• **PROBLEM TO WORK ON**: The answer must consist solely of the lines from the opening line of the entries through the line with "April 29 meeting.", transcribed exactly and without any pictures.

• **TASK DATA**:
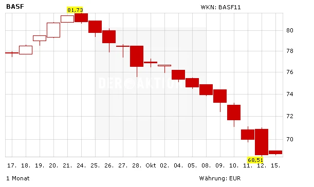 Das Drama geht weiter: Auch heute dürfte die BASF-Aktie mit Verlusten eröffnen. Der Blick auf den Candle-Stick-Chart der letzten 15 Tage ist ein wahres Bild des Grauens: Einer einzigen grünen Kerze, bei der die Papiere des Chemieriesen im Tagesverlauf Boden gut machen konnten, stehen 14 roten Kerzen gegenüber …
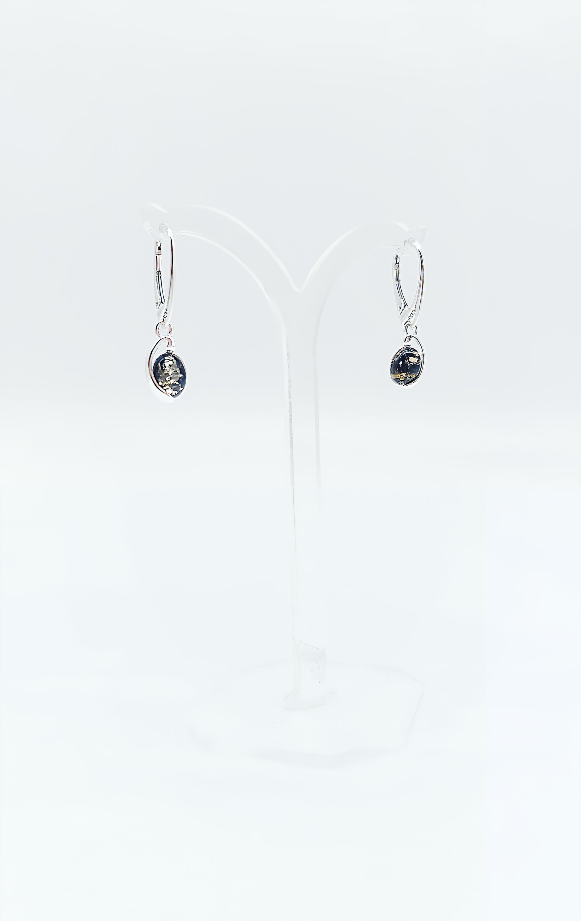 925 Sterling Silver Earrings – Dark Amber in Oval Shape
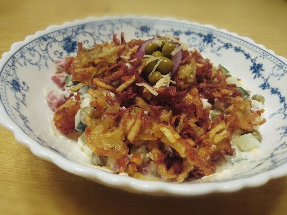- Картофель натрите на мелкой тёрке, обжарьте 2-3 минуты в большом количестве масла. Дайте маслу стечь и выложите сверху на салат.
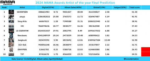 세븐틴이 에스파보다 점수가 25%나 높고 심사점수 비율도 20%밖에 안되는데 10점 차이나는 이걸 받으려고 생각했다는 것 자체가 걍 양심이 죽은거임
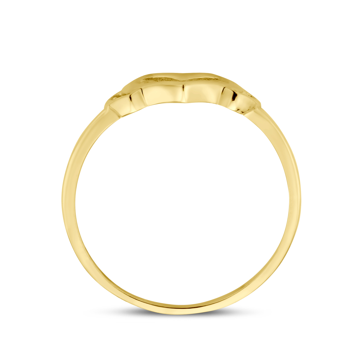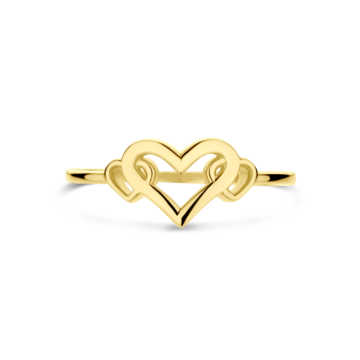 14k Geelgouden ring uitgevoerd met hartjes. De ring heeft een breedte van 7.5mm.
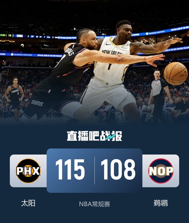 比赛开始,鹈鹕开局不到2分钟就挑战失败,太阳顺势8-2开局,但鹈鹕全民皆兵给出回应,双方展开拉锯战,首节太阳领先3分,次节鹈鹕连续三分反超,但太阳稳扎稳打还是9-0重新建立主动权,半场太阳领先5分。下半场,马威继续内线取分,太阳一度领先到近10分,但墨菲和贝连续暴扣止血,阿尔瓦拉多追身三分咬住差1分,双方展开胶着拉锯战,末节太阳断电被鹈鹕10-4反超,但布克里突外投连砍6分反超回来,马威内线继续得吃得喝,比赛进入白热化,布克助飞马威空接暴扣领先到5分,最终太阳115-108力克鹈鹕。
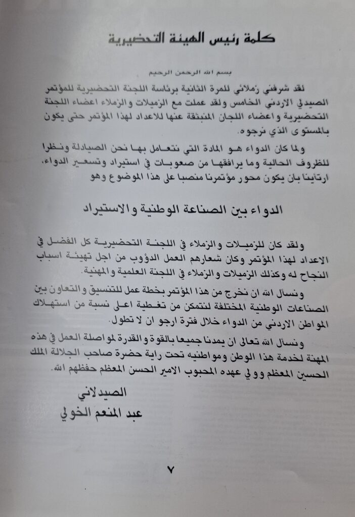 (الصور المرفقة من كتيب المؤتمر الصيدلاني الخامس، من أرشيف معالي الزميل د. طاهر الشخشير).
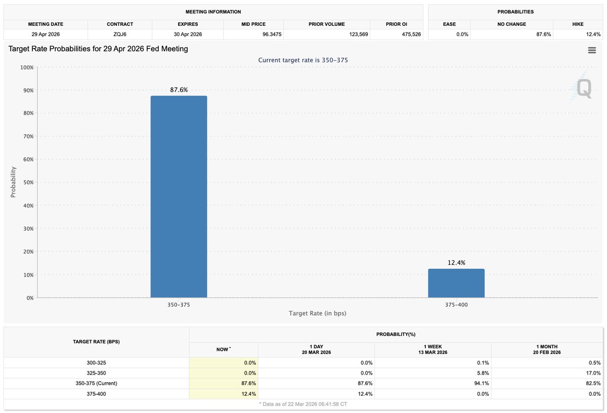🇺🇸 Latest news: CME FedWatch shows that the market expects a 12.4% chance of the Federal Reserve raising interest rates at its April 29 meeting.
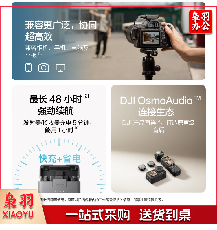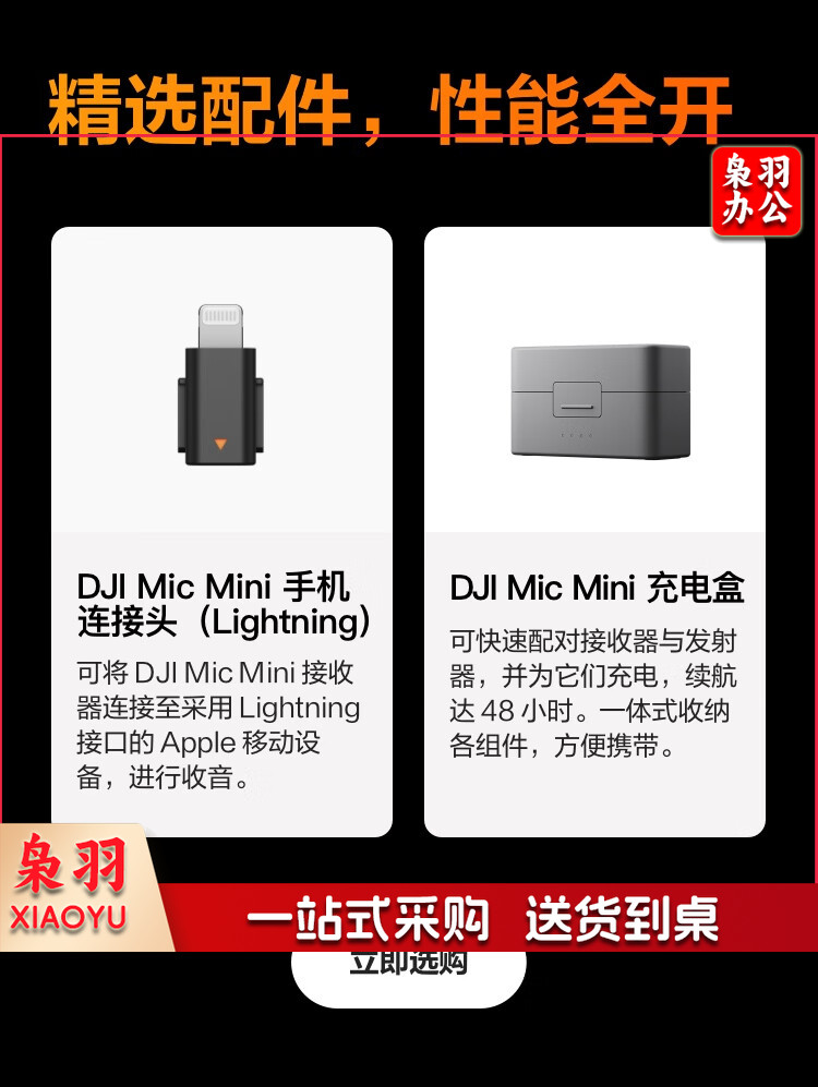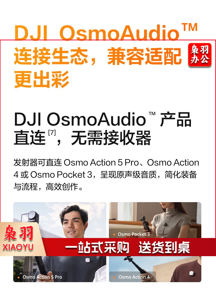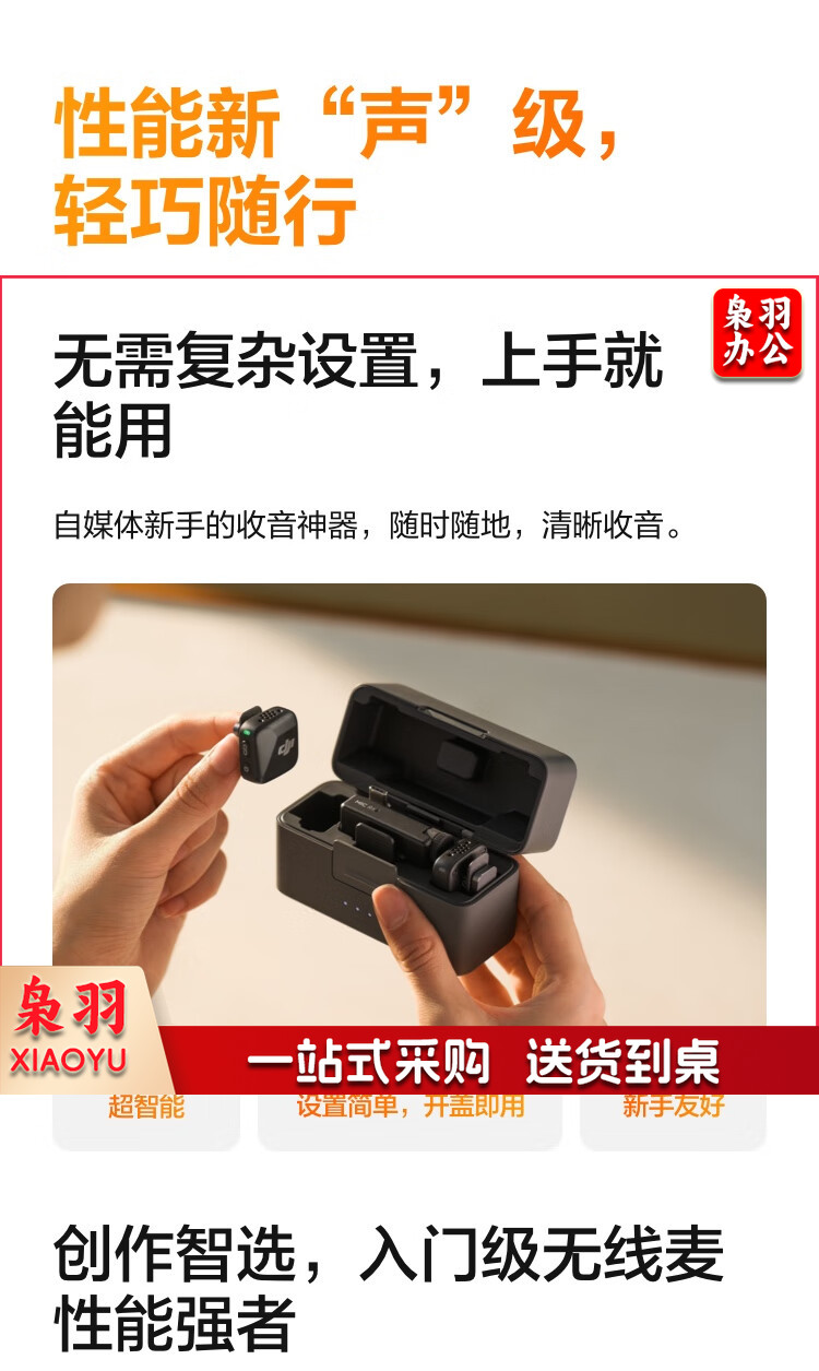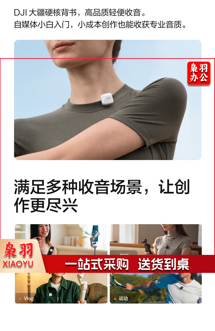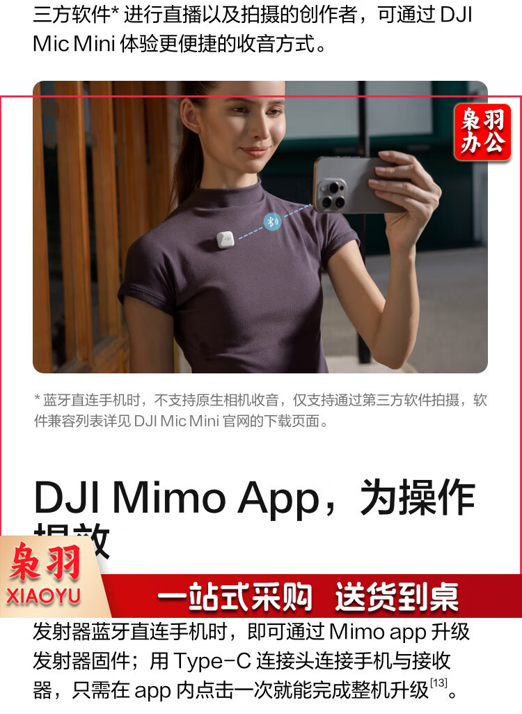 大疆 DJI Mic Mini (一拖二含充电盒)迷你无线高品音质降噪领夹麦克风户外采访直播vlog手机相机收音麦

• **ANSWER TO THIS PROBLEM**:
 Das Drama geht weiter: Auch heute dürfte die BASF-Aktie mit Verlusten eröffnen. Der Blick auf den Candle-Stick-Chart der letzten 15 Tage ist ein wahres Bild des Grauens: Einer einzigen grünen Kerze, bei der die Papiere des Chemieriesen im Tagesverlauf Boden gut machen konnten, stehen 14 roten Kerzen gegenüber …
 925 Sterling Silver Earrings – Dark Amber in Oval Shape
- Картофель натрите на мелкой тёрке, обжарьте 2-3 минуты в большом количестве масла. Дайте маслу стечь и выложите сверху на салат.
 세븐틴이 에스파보다 점수가 25%나 높고 심사점수 비율도 20%밖에 안되는데 10점 차이나는 이걸 받으려고 생각했다는 것 자체가 걍 양심이 죽은거임
 14k Geelgouden ring uitgevoerd met hartjes. De ring heeft een breedte van 7.5mm.
 比赛开始,鹈鹕开局不到2分钟就挑战失败,太阳顺势8-2开局,但鹈鹕全民皆兵给出回应,双方展开拉锯战,首节太阳领先3分,次节鹈鹕连续三分反超,但太阳稳扎稳打还是9-0重新建立主动权,半场太阳领先5分。下半场,马威继续内线取分,太阳一度领先到近10分,但墨菲和贝连续暴扣止血,阿尔瓦拉多追身三分咬住差1分,双方展开胶着拉锯战,末节太阳断电被鹈鹕10-4反超,但布克里突外投连砍6分反超回来,马威内线继续得吃得喝,比赛进入白热化,布克助飞马威空接暴扣领先到5分,最终太阳115-108力克鹈鹕。
 (الصور المرفقة من كتيب المؤتمر الصيدلاني الخامس، من أرشيف معالي الزميل د. طاهر الشخشير).
🇺🇸 Latest news: CME FedWatch shows that the market expects a 12.4% chance of the Federal Reserve raising interest rates at its April 29 meeting.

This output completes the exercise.